If remove this line it will work fine.
In some compiler, it shows an error because x is a variable pointer to a constant string, so we can't change any character of the string because it's constant.
i.e *x=x[n]; its wrong.
If remove this line it will work fine.
Isaiah said:
10 years ago
1'st iteration printf get crashed due to null access.
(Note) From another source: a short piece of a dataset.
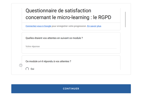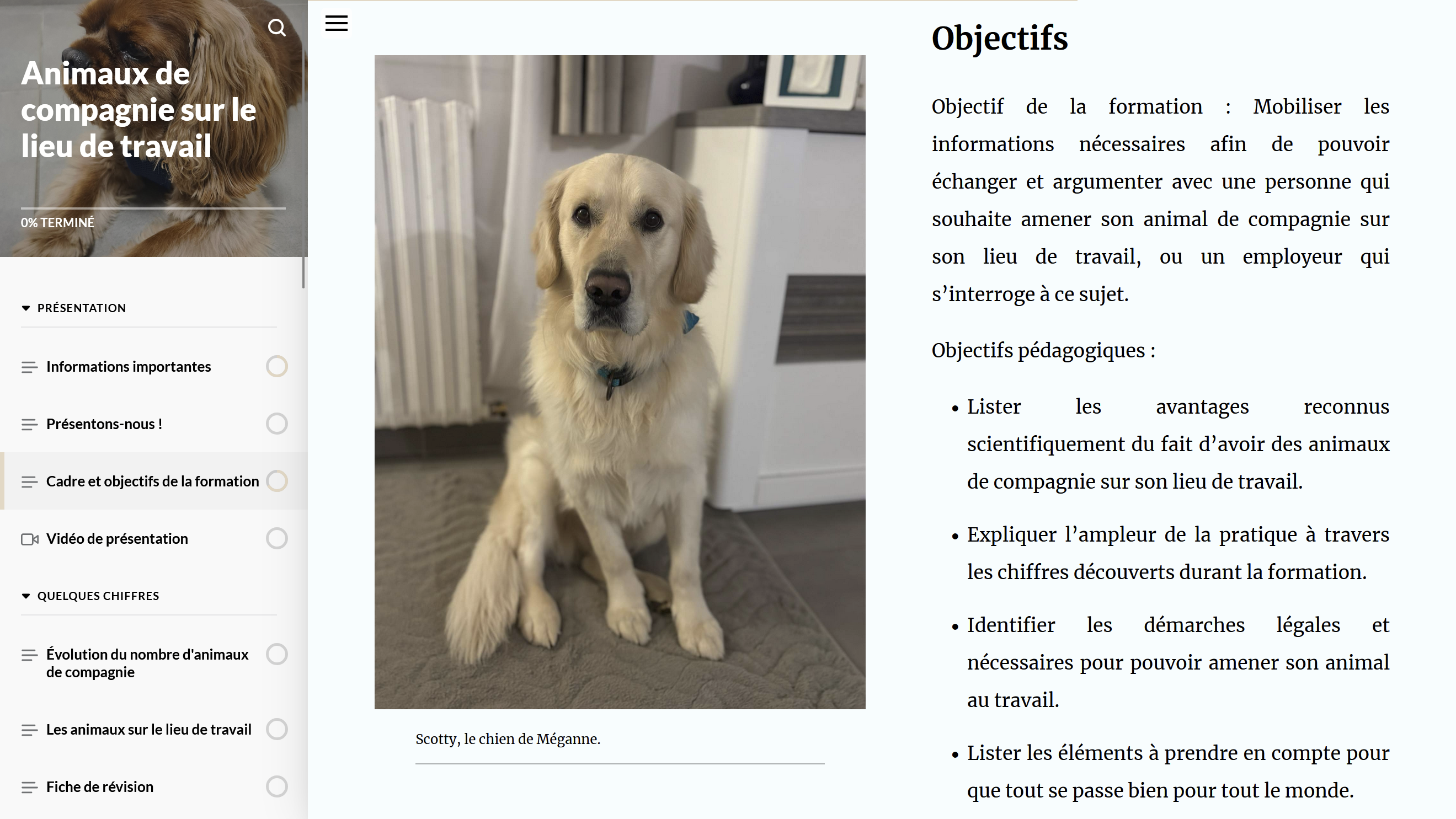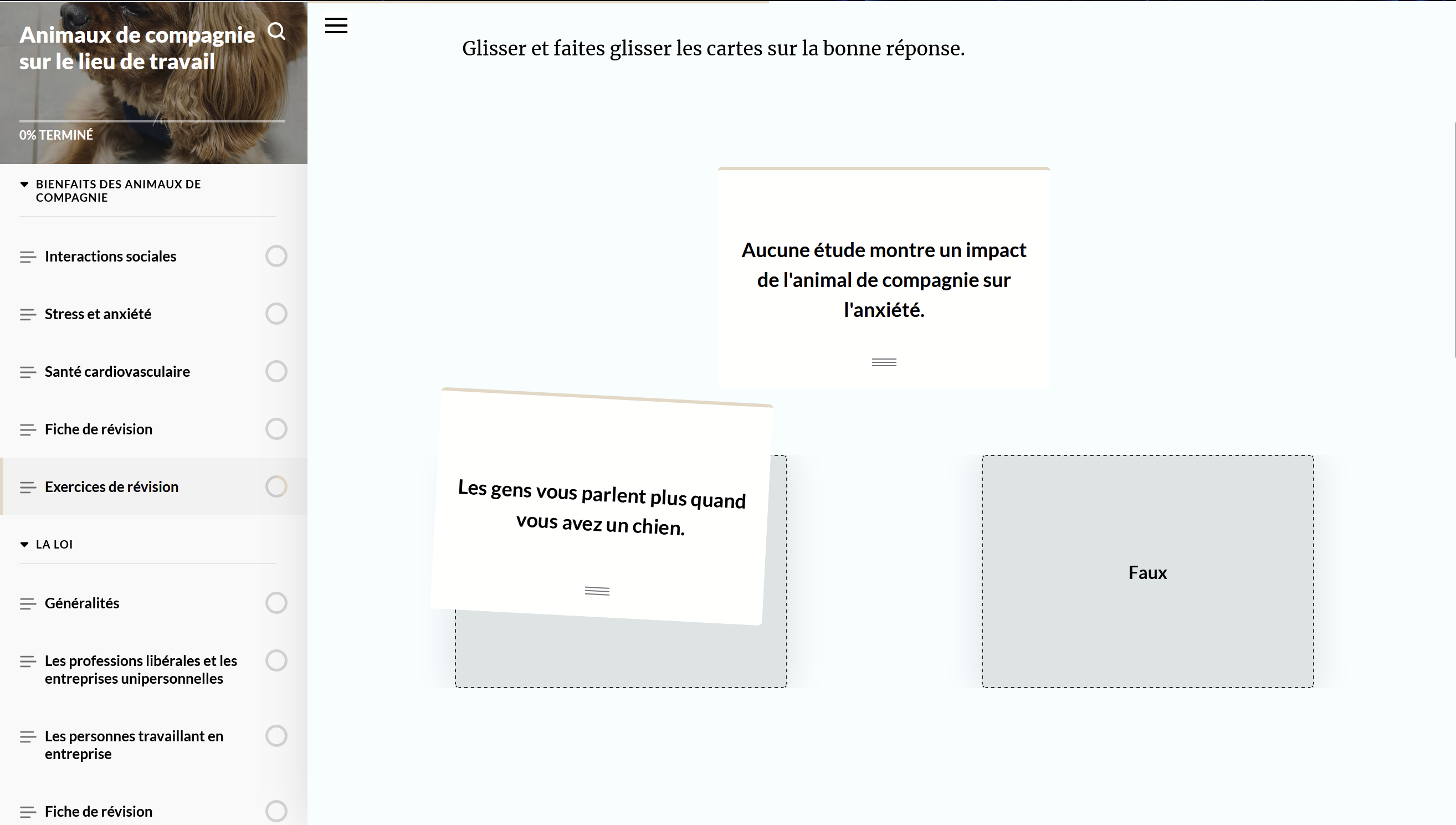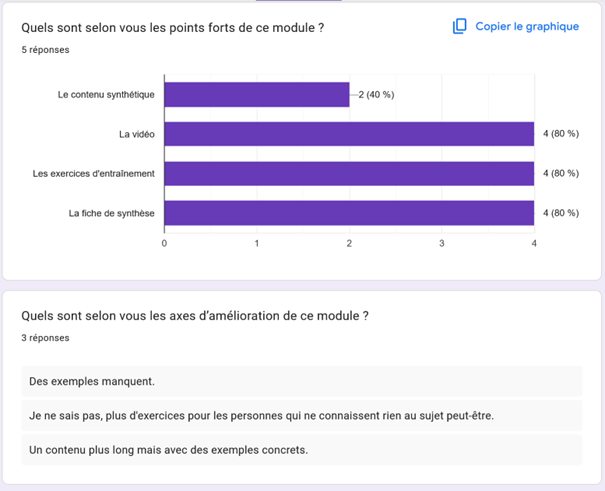 Cet autre projet dure une dizaine de minutes. Il est réalisé sur un modèle similaire au précédent. Il contient donc : une vidéo pédagogique, des exercices formatifs, une fiche de synthèse et un quiz d’évaluation. Par ailleurs, un questionnaire de satisfaction permet d'affiner le profil des apprenants, que ce soit au niveau de leur motivation ou de leur appétence pour les activités proposées.

So need to add answer option with "system get crashed".
Vignesh M said:
10 years ago
Why Linux compiler give segment fault?
Abhishek said:
10 years ago
Hello guys, all the explanation is wrong regarding GCC.
Because here string is constant so we can't change the string content so here segmentation is dump because *x = x[5] of this.
We are trying to change a constant string which we can't do so output is segmentation fault.
Because here string is constant so we can't change the string content so here segmentation is dump because *x = x[5] of this.
We are trying to change a constant string which we can't do so output is segmentation fault.
Priya said:
10 years ago
Am getting option C while compiling. Please help me with right answer.
Devi said:
10 years ago
In gcc it gives segmentation fault because of 4th line.
Rahul said:
1 decade ago
*x=A, n=5, so *x=x[5] will replace A with '\0' so new string will be. '\0lice so first iteration will not print anything because of \0 first. Next iteration lice will print.ice.ce.e will be printed.
Jakir said:
1 decade ago
Its giving segmentation fault.
Ankitjain said:
1 decade ago
Just check in ubuntu if you put comment on line *x = x[n] then only you can got output.
Deepak S said:
1 decade ago
What is the last printf("\n", x) doing here?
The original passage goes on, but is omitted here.